I dance on top of the chairs.

"And don't be so heaveeee!"

"You play lighter."

"LIGHTER!"

"And you say a poem."

"A love poem."

I start. Stop all the clocks...

"Lighter"

"Like Mark 5."

"More gay."

"Lighter."


I deliver the poem lighter.
...I thought that love would last forever... I was wrong

I take a step back.

...I was wrong.

"and you leave rhispering I was wrong."

I walk back up stage centre.

Hold there for a second.

I smile.

And as I leave.

..Norman!

Boom on the drum.

I come back out.

"He could have stayed longer at the end, non, Pon Pon?"

Ya, replies Michiko.

"We like him like this, non?"

The class agree.

"Ya. But when you touch your mouth as a drunk it is nuffing. It is vulgar. Anybody in the world could do this. I play drunk I wipe my mouth. So cheap. It is the job of the actor to be better. That the spectator, he thinks, i could not have done that, he is better than me.
I think on this. He is right how can we dream around a character if we only see cliche and obvious choices? For the spectators to dream we have to show them the unexpected, so they think "oh-la la who is this person" bif we only give them what they know how can they dream> They can't because they already know it, non.
So to anyone reading this; don't be vulgar on stage, don't do what anybody coud do, find a way to be special, then you are an actor, and your character lives in the audiences imagination, non?

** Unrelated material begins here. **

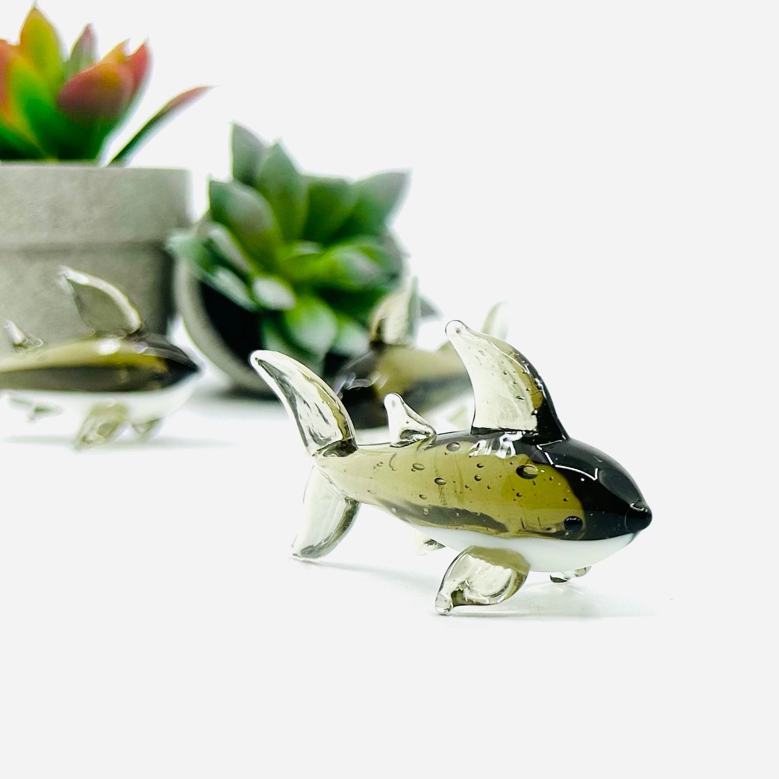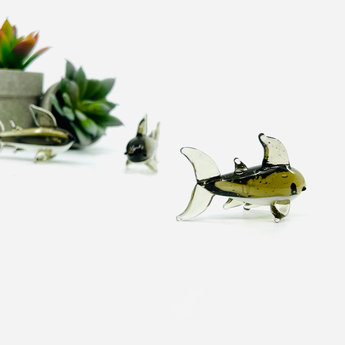 This tiny crafted glass shark adds a hint of the ocean to any room.

Wednesday, January 11, 2012

Paris... part 2

I'm back.
Huzzah! Hurrah! Oom-pa-paa!
Yes, term 2 comenced a couple of days ago and now here I am about to go to movement to se our new teacher Martin (pronounced Martine).
I now have a new favourite game, very simple too everyone stands in a circle one person throws a ball to someone across the space and shouts the name of another person in the circle, they then change places (the one who called a name and the one whose name was called). the person who catches the ball throws it to someone else calls another name and changes places with them.
The game continues.
It may not sound exciting on the page, these explanations rarely do, just play it, and let the energy and confusion follow, I love it.

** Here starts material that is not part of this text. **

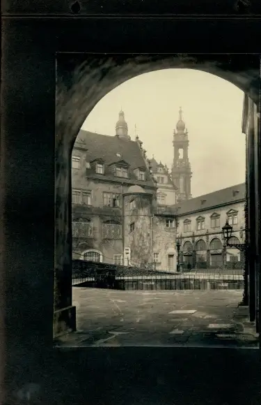 Foto Dresden, Blick durch ein Tor, Kirchturm
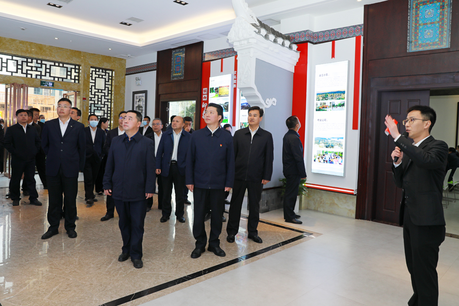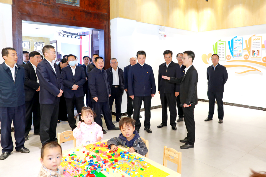 溶江小区党群服务中心、新时代文明实践站,涵盖文化展厅、志愿者之家、党群议事厅、儿童益智厅、健康加油站等功能。与会人员仔细观看每一区域介绍展板,并与室内参加公益课堂或活动的群众互动,详细了解中心管理和运营情况。

I'm going to try and write a lot less about school this term, following the advice that i was given but i do like to write so quite what this will be, who knows...
"You will see what you will see!"

I do have a couple of quotes from yesterday though...

"If we see too much the character, the character dies."

"The actor has to tread on eggshells in the imagination of the audience."

I'll leave you to figure out what they mean.